MATERIAL FOR THE TASK
***

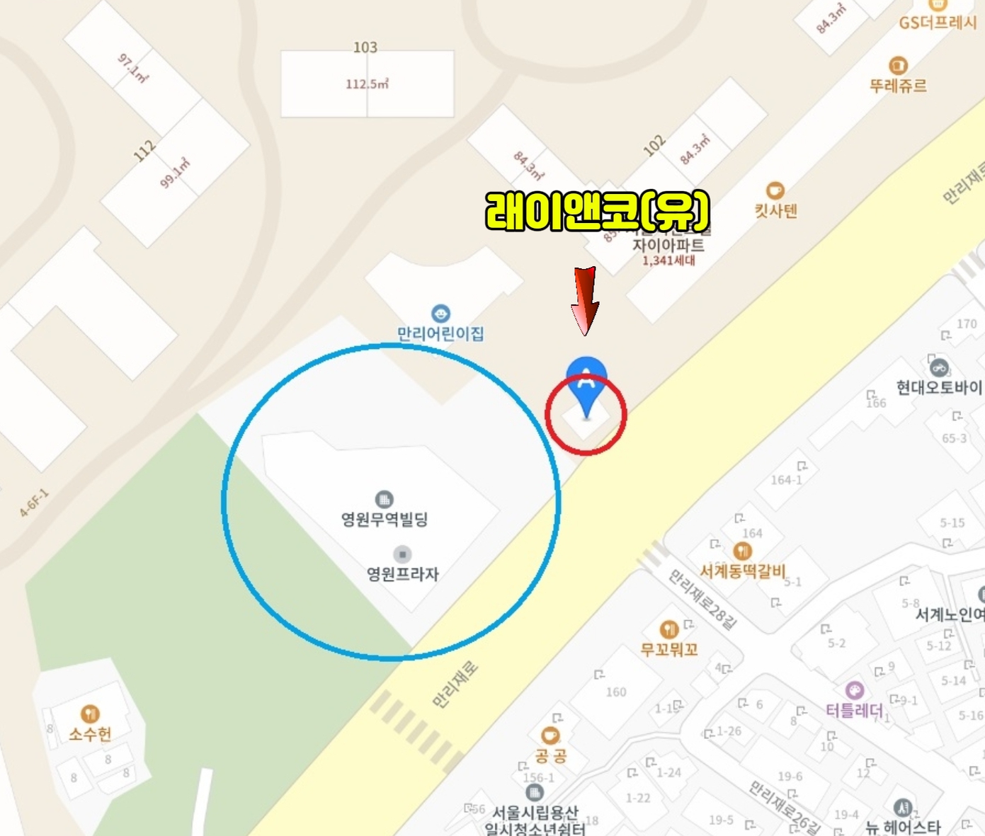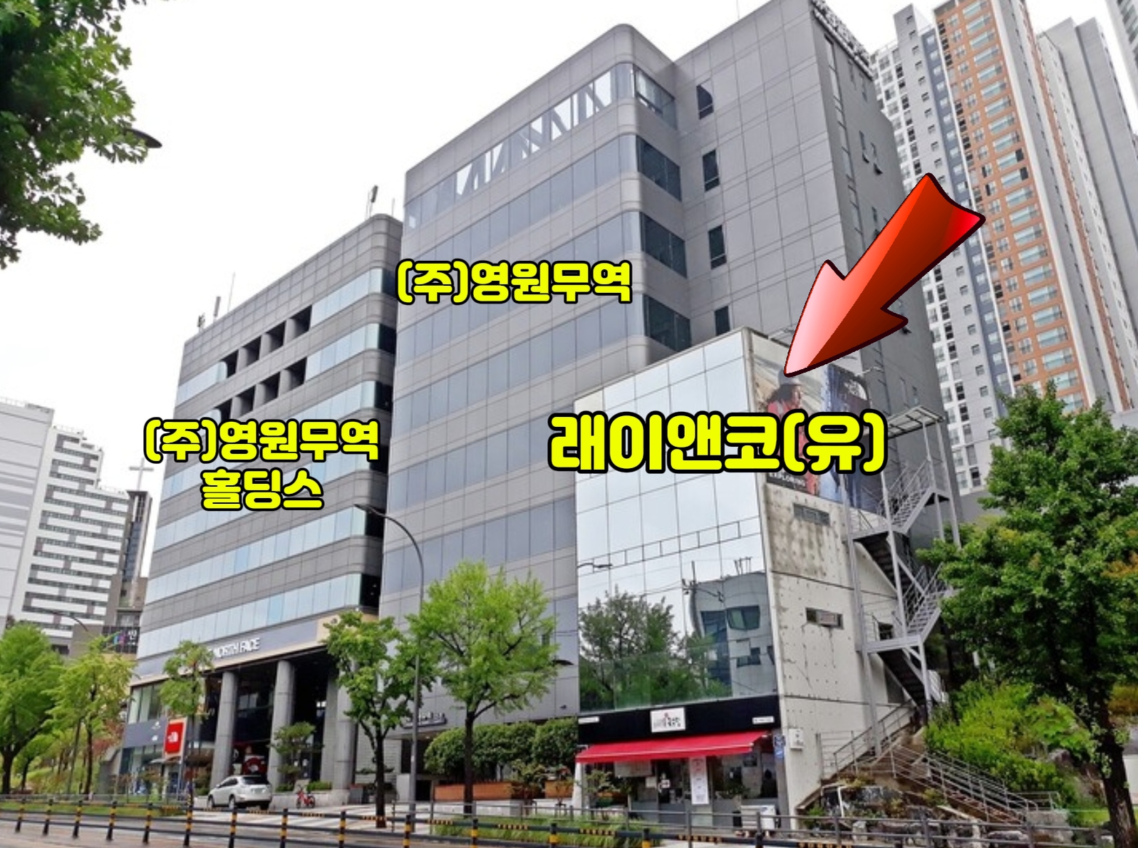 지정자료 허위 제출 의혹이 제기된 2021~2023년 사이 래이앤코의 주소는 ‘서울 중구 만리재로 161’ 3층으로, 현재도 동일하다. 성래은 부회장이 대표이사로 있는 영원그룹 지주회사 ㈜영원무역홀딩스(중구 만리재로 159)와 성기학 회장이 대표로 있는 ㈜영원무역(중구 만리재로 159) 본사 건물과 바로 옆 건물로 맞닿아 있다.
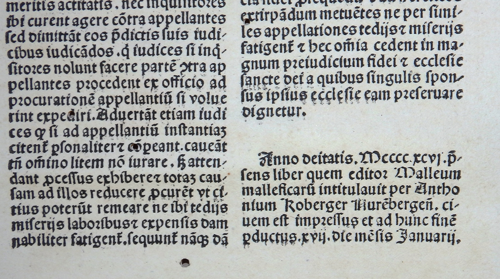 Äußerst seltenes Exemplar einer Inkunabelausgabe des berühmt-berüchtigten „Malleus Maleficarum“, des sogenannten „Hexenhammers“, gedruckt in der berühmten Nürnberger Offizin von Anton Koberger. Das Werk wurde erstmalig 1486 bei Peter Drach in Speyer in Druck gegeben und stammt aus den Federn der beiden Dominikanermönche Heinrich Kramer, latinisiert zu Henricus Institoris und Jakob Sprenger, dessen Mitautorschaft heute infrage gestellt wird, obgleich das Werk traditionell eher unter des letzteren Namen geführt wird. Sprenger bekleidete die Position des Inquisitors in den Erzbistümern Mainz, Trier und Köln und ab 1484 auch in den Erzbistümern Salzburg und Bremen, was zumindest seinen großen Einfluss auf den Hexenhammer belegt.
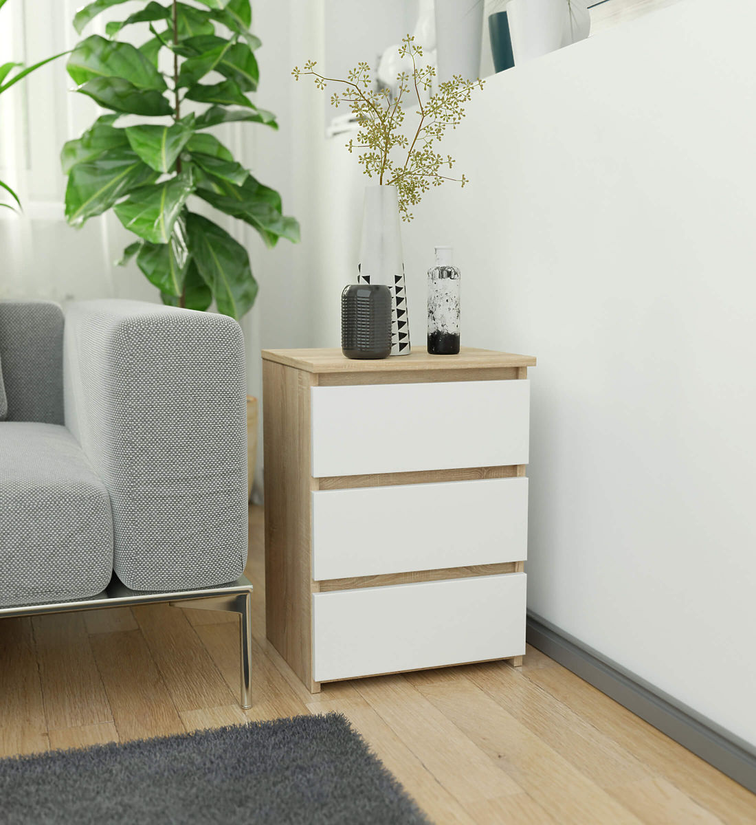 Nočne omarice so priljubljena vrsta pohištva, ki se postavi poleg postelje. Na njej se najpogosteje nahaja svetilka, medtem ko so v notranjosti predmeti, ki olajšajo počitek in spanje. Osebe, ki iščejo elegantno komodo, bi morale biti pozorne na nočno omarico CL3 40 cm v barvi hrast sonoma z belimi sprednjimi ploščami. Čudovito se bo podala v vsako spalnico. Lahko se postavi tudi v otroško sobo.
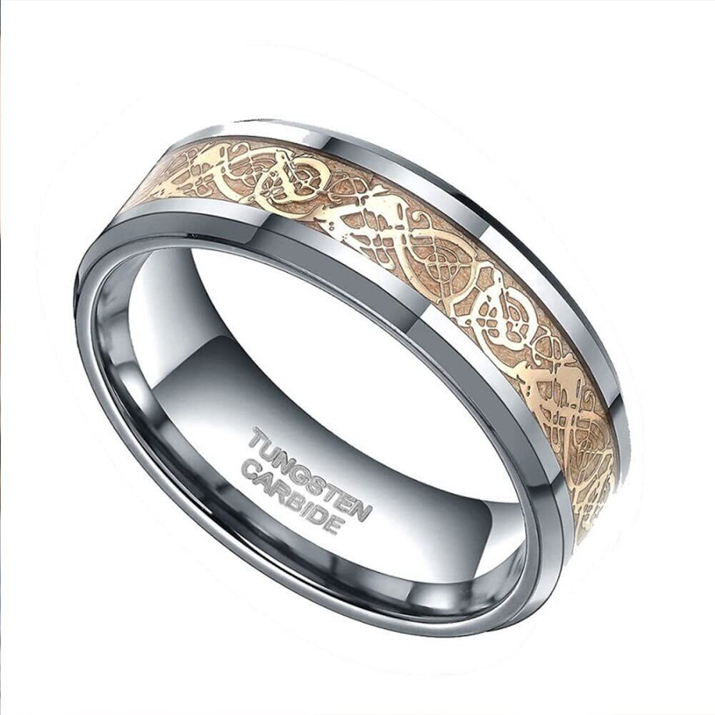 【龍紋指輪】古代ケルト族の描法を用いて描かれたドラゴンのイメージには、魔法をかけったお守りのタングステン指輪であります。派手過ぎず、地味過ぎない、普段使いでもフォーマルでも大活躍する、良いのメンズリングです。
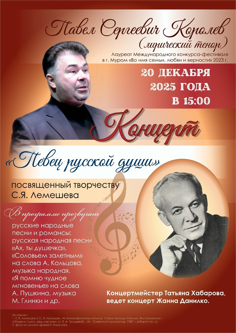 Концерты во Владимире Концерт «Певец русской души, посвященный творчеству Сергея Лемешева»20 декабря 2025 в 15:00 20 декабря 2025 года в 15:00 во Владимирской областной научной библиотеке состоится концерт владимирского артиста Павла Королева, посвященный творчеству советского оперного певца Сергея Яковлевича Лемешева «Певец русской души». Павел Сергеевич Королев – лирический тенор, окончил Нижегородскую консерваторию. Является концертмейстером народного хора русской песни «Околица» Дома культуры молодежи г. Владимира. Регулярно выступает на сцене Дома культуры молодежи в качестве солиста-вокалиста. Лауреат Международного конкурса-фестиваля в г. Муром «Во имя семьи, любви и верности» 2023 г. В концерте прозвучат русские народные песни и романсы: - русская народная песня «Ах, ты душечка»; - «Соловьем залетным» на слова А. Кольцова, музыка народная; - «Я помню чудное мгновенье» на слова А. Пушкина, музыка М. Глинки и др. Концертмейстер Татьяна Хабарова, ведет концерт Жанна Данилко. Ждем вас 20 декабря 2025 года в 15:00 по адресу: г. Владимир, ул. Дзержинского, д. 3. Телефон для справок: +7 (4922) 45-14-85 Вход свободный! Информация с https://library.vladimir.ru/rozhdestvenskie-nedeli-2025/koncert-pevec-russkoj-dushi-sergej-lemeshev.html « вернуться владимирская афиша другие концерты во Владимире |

***

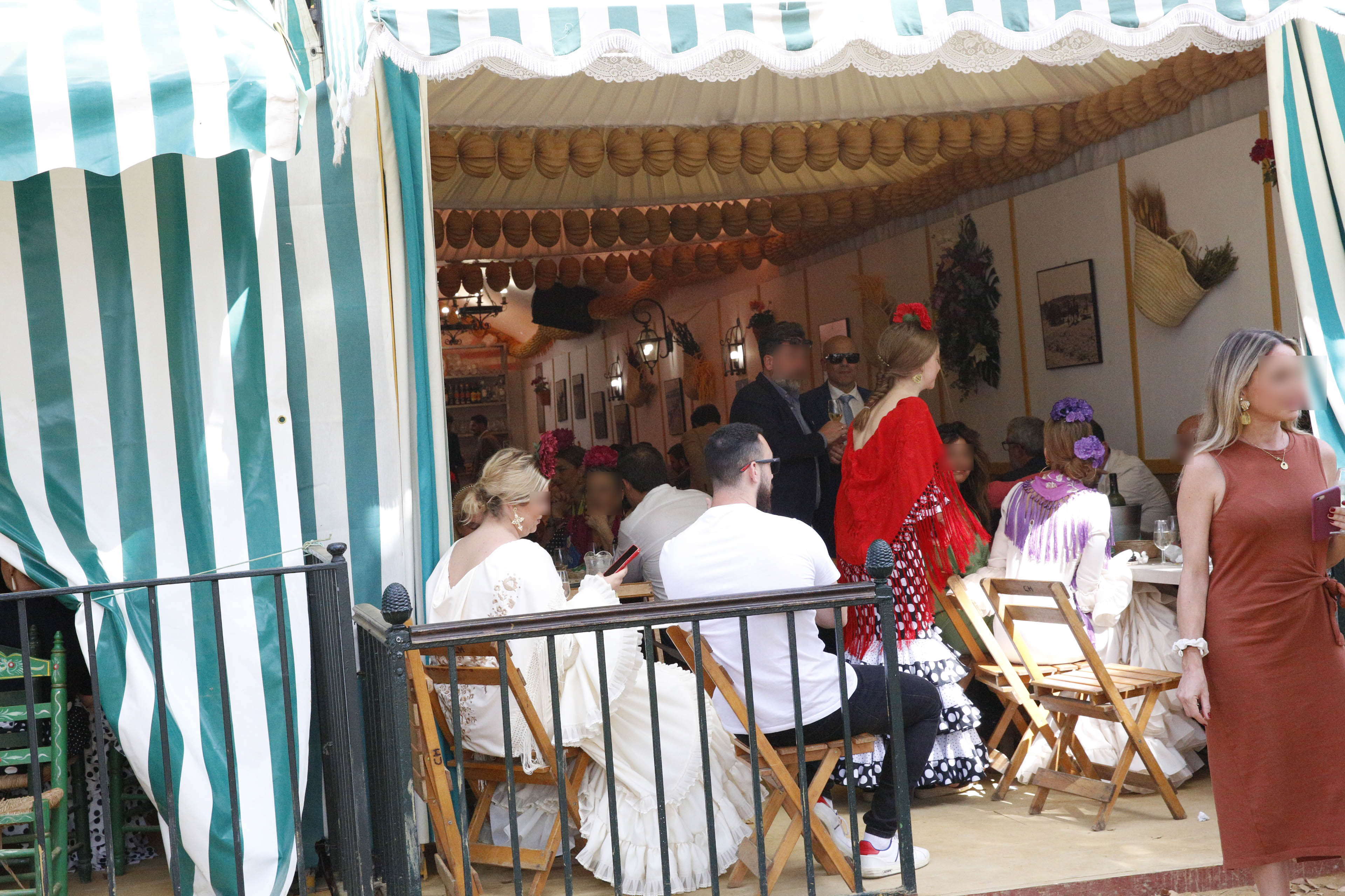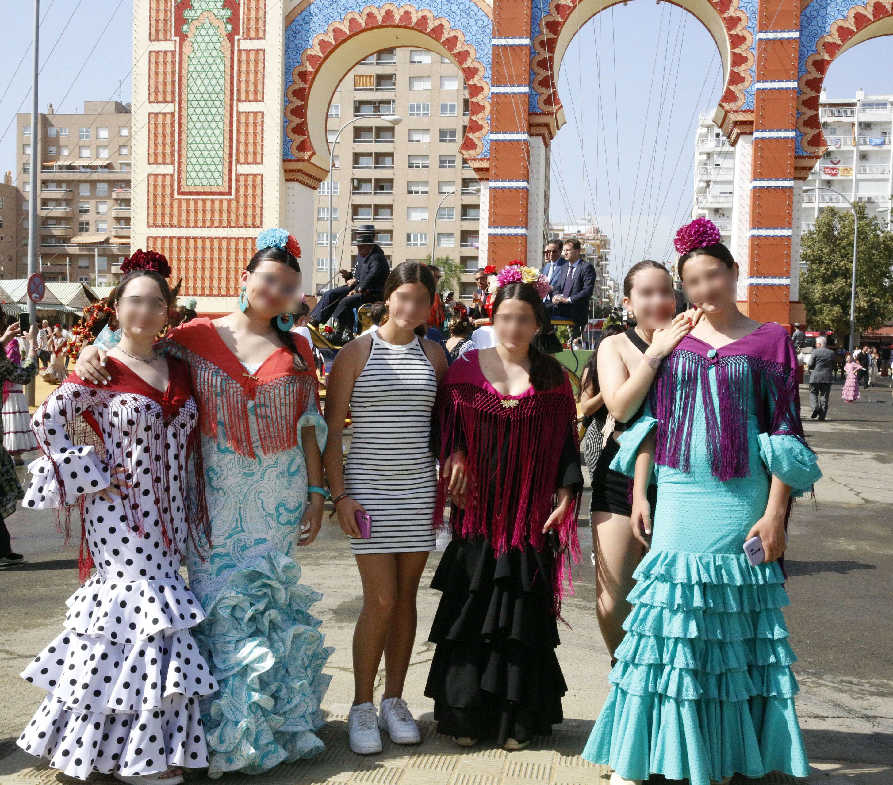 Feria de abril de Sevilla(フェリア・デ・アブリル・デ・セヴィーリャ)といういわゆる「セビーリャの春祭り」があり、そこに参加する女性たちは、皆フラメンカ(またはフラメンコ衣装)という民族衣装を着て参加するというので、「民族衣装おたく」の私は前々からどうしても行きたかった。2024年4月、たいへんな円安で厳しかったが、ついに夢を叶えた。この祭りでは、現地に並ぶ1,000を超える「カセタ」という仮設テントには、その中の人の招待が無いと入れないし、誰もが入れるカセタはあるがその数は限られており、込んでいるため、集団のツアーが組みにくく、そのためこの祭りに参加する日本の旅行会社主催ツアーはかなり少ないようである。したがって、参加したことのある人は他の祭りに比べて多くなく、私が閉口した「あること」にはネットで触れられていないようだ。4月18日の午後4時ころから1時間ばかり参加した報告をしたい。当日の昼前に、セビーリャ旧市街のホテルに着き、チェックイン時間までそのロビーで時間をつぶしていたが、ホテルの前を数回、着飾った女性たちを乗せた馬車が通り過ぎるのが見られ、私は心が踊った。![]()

***

INSTRUCTIONS FOR THE TASK
Copy out exactly the material that runs from the line with "지정자료 허위 제출 의혹이" to the line with "Äußerst seltenes Exemplar", ends included, and leave the pictures behind.

ANSWER TO THIS EXERCISE
 지정자료 허위 제출 의혹이 제기된 2021~2023년 사이 래이앤코의 주소는 ‘서울 중구 만리재로 161’ 3층으로, 현재도 동일하다. 성래은 부회장이 대표이사로 있는 영원그룹 지주회사 ㈜영원무역홀딩스(중구 만리재로 159)와 성기학 회장이 대표로 있는 ㈜영원무역(중구 만리재로 159) 본사 건물과 바로 옆 건물로 맞닿아 있다.
 Äußerst seltenes Exemplar einer Inkunabelausgabe des berühmt-berüchtigten „Malleus Maleficarum“, des sogenannten „Hexenhammers“, gedruckt in der berühmten Nürnberger Offizin von Anton Koberger. Das Werk wurde erstmalig 1486 bei Peter Drach in Speyer in Druck gegeben und stammt aus den Federn der beiden Dominikanermönche Heinrich Kramer, latinisiert zu Henricus Institoris und Jakob Sprenger, dessen Mitautorschaft heute infrage gestellt wird, obgleich das Werk traditionell eher unter des letzteren Namen geführt wird. Sprenger bekleidete die Position des Inquisitors in den Erzbistümern Mainz, Trier und Köln und ab 1484 auch in den Erzbistümern Salzburg und Bremen, was zumindest seinen großen Einfluss auf den Hexenhammer belegt.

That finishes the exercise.